The Season of Pentecost is coming to an end the Season of Advent is about to begin. There are six liturgical seasons reflected on the Church calendar: Advent-Christmas; Epiphany,;Lent-Easter; and Pentecost.
The seasons of the church year have a long and rich history and have developed around themes emphasizing aspects of the Christian journey and experience. The Advent-Christmas cycle focuses on the Incarnation, God coming and dwelling among us. The Lent-Easter cycle is about The Lord’s Resurrection and God raising us to new life in the Risen Christ. Incarnation and Resurrection are the two anchors of the Christian year. These two great seasons of celebration are each preceded by a season of preparation (Lent, Advent). The Sunday readings assigned to these seasons reflect these themes.

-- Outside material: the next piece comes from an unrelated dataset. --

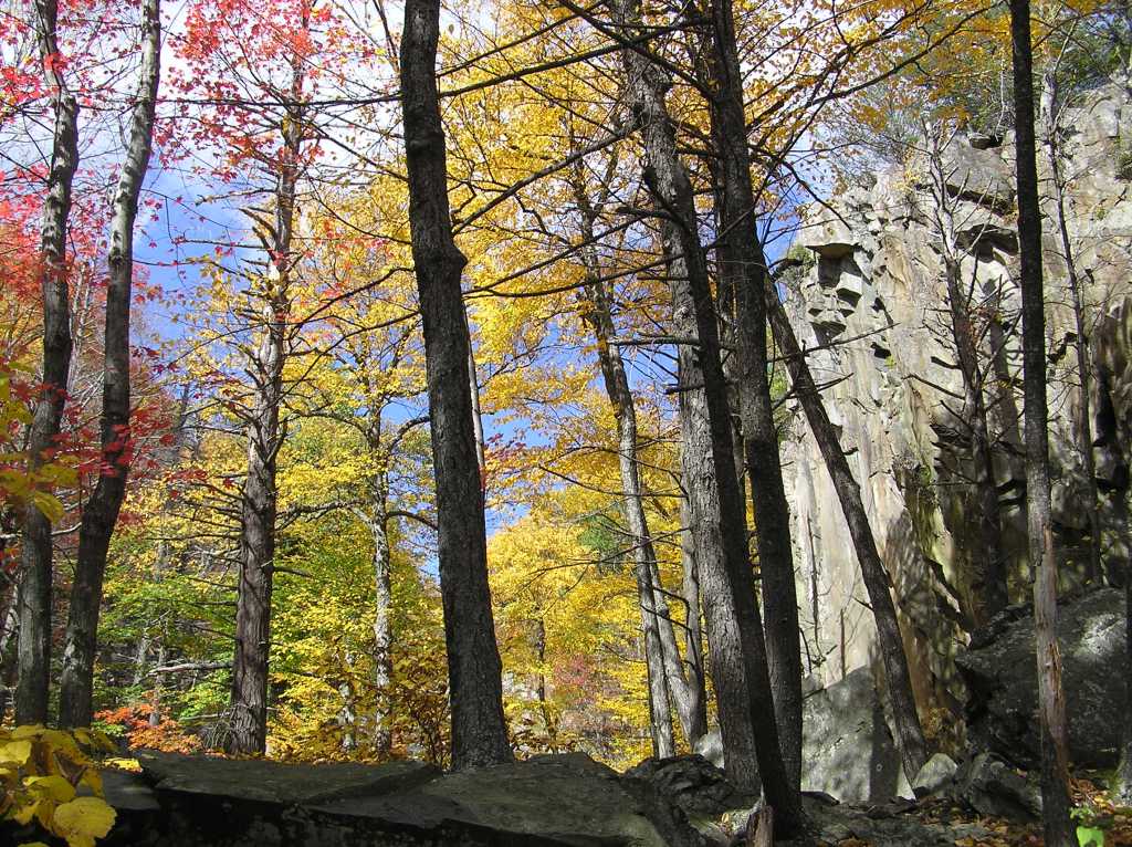 A more scientific explanation of autumnal leaf senescence is a bit more complicated. Deciduous trees (those that lose leaves … evergreens are ever green) have a layer of cells at the base of each leaf called the abscission. Seasonal temperature fluctuations eventually reach a sensory limit based on tree type and habitat signaling the abscission cells grow a cork-like membrane to interrupt the flow of nutrients to the leaf. The seasonal variations of environmental influence on biological function is called phenology, the scientific field that governs the degree and timing of fall colors. The leaf, now bereft of any nutrition, begins to die. The first thing to go is the chlorophyll, as it requires a robust nutrient flow to maintain the photosynthetic factory, which is officially closed for the season. So much for the verdant hues of summer. The yellow carotenes and xanthrophylls are large molecules sharing space in the chloroplasts with the now defunct chlorophyll, and also populating the separate chromoplasts. They are more stable than chlorophyll since they are not directly involved in photosynthesis so they persist, resulting in the crown of yellow leaves that invite the sun’s brilliance to the dark of the woods. The red of anthocyanin is another matter. It is not a permanent leaf chemical constituent but must be manufactured by the plant, a matter of some complexity and energy expenditure. The classic explanation for anthocyanin is that it is produced by plants that have high sugar content. When the abscission layer forms in the fall, the sugar is trapped in the leaf and is converted to anthocyanin. Thus, when you have a dry, low H2O summer, little sugar is produced, and the fall colors are subdued. In point of fact, however, quite the opposite is true, as a hot, parched summer is likely to yield more color. Research into the phenology of fall foliage over the last several decades has upended the traditional rationale. Anthocyanin production by different plant species is a complicated phenomenon and not just a matter of sugar. [4]

There is also what is called Ordinary Time between these two great seasonal celebrations of Lent-Easter and Advent-Christmas. Ordinary Time are the Season of Epiphany and the Season of Pentecost.
With the arrival of Advent we begin a new church year. The word Advent means coming or arrival. Since it is the season before Christmas, it is logically about getting ready for Jesus’ First Coming, but if we listen to the readings that are assigned from the lectionary during Advent, we quickly realize that it is also about getting ready for Jesus’ Second Coming, which is the long-waited completion of Christ’s redemptive work in the world.

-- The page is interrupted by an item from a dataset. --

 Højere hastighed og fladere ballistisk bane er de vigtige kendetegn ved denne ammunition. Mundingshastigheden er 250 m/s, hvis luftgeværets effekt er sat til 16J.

It might seem strange to us that Advent, the first season of the Church year, is also about the very end of things. It makes the strong theological point, however, that the flow of history, including Salvation History, has purpose direction and destination. History is not a randomly stitched together series of events; rather, it is headed somewhere and God is in the driver’s seat. There is a divine destination for all of us, and the Season of Advent is about discovering the Way to that destination. The Way is, of course, Jesus. Therefore, whether we are talking about Jesus’ first coming as a baby lying in a feeding trough in a stable at Bethlehem 2000 years ago, or about Jesus coming in power and glory at the End Times, Advent is about God coming to us; thus we have the great cry of Advent, “Come, O Come, Emmanuel!”